Two hundred years ago, the standard advice of a London physician to a rich patient would have been: “stop drinking port, eat vegetables, and get out of London.” This was good counsel then, and it is even better since the invention of the internal combustion engine. Two studies this week attempt to quantify the harms of motor exhaust and fine particulate air pollution. The first, surprisingly, examines its link with anxiety, using data from the Nurses’ Health Study. From this painstaking analysis, you will find that the closer they lived to a busy road many years ago, the more they tended to self-report anxiety now. Now if you extrapolate from a cohort of American nurses to the general population, you may be inclined to believe this shows that particulate air pollution causes anxiety. Or maybe it’s the cars or the neighbourhood or the bigger hospitals they work in. Or it could just be that anxious nurses like to live in busy places.
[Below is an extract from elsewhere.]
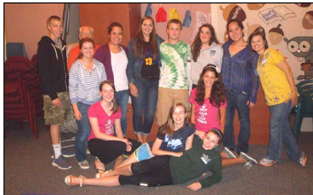
Gathering of High School Youth and Adults at a FAMILY Meeting in September.
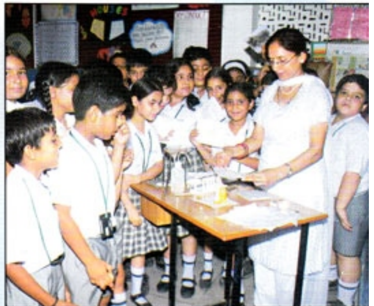
Science Activity in Experiment Club

Somewhat better evidence links short term exposure to air pollution with acute stroke. There is a massive literature: out of 2748 articles, 103 satisfied the inclusion criteria for this meta-analysis, and its conclusions are based on a total of 6.2 million events across 28 countries. The bad gases are carbon monoxide, sulfur dioxide, and nitrogen dioxide, and particulate matter also looks like a culprit for bringing on stroke, both at <2.5 µm or <10 µm diameter. My lord, should you wish to be spared a stroke, you must avoid port wine, eat vegetables, and take exercise henceforth in your country estates. My fee will be 100 guineas.

Varenicline is quite effective at helping people to overcome nicotine addiction, but a year or two after its introduction, reports began to circulate about its potential for inducing depression and suicidal behaviour. This meta-analysis should lay these fears to rest, though that is a tall order, now that the dog has a bad name. Varenicline can lead to bad dreams and sleep disturbance, but the investigators found no evidence of an increased risk of suicide or attempted suicide, suicidal ideation, depression, or death.
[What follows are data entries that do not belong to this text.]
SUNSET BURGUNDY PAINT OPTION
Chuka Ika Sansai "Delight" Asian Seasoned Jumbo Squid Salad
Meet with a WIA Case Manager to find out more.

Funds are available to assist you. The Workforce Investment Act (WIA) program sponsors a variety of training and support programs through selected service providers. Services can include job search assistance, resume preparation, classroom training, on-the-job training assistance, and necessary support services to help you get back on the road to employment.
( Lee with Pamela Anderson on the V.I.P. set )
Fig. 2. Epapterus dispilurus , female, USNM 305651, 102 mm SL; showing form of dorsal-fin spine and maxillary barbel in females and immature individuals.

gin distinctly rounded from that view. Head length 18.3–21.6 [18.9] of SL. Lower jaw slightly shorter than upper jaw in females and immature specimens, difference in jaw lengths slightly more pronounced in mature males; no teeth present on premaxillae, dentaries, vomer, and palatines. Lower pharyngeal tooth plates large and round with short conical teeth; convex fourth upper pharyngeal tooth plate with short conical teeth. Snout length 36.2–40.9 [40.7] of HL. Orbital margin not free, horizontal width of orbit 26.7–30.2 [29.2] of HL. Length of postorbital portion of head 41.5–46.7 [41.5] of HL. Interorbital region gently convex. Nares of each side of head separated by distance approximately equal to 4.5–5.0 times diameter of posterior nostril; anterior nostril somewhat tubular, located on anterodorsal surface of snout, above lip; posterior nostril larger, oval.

Fish of the Week: Scomber scombrus

I was moved to celebrate the mackerel this week by reading a passage in Thomas Gray, A Biography by R W Ketton-Cremer (1955) which casually alludes to “the death of the Master of Magdalene, his old acquaintance Dr Chapman, after consuming five large mackerel and a turbot.”

I hold the turbot blameless in this. Nobody has died from a surfeit of this excellent fish, though I have attempted it several times.

The five large mackerel, however, cannot be so lightly exonerated. In the eighteenth century, mackerel would arrive at the landbound colleges of Oxford and Cambridge after two or three days’ travel, and then be stored in the cellars of the Hall. There they would give out a faint green glow as they decomposed. We know this from a pamphlet written in the following century by John Newman, who was railing against Oxford University reforms proposed by the Master of my own college, Pembroke. “As a stinking mackerel gives forth light to its cellar, so Pembroke College in its decay presumes to enlighten the University”—or something similar. We have not forgiven him to this day.

As the luminous mackerel proceeds to rot, its proteins degenerate and form scombrotoxins, and these can produce rapid death by histamine poisoning. It is easy to see how five large college-stored mackerel might have seen off poor Dr Chapman. He probably disguised their taste with chilli vinegar, which was very popular at the time. And who can blame him for then turning to turbot?

These days most colleges in Oxford and Cambridge have adopted the refrigerator, but that does not prevent them from serving bad fish. Why, I had some there just the other day.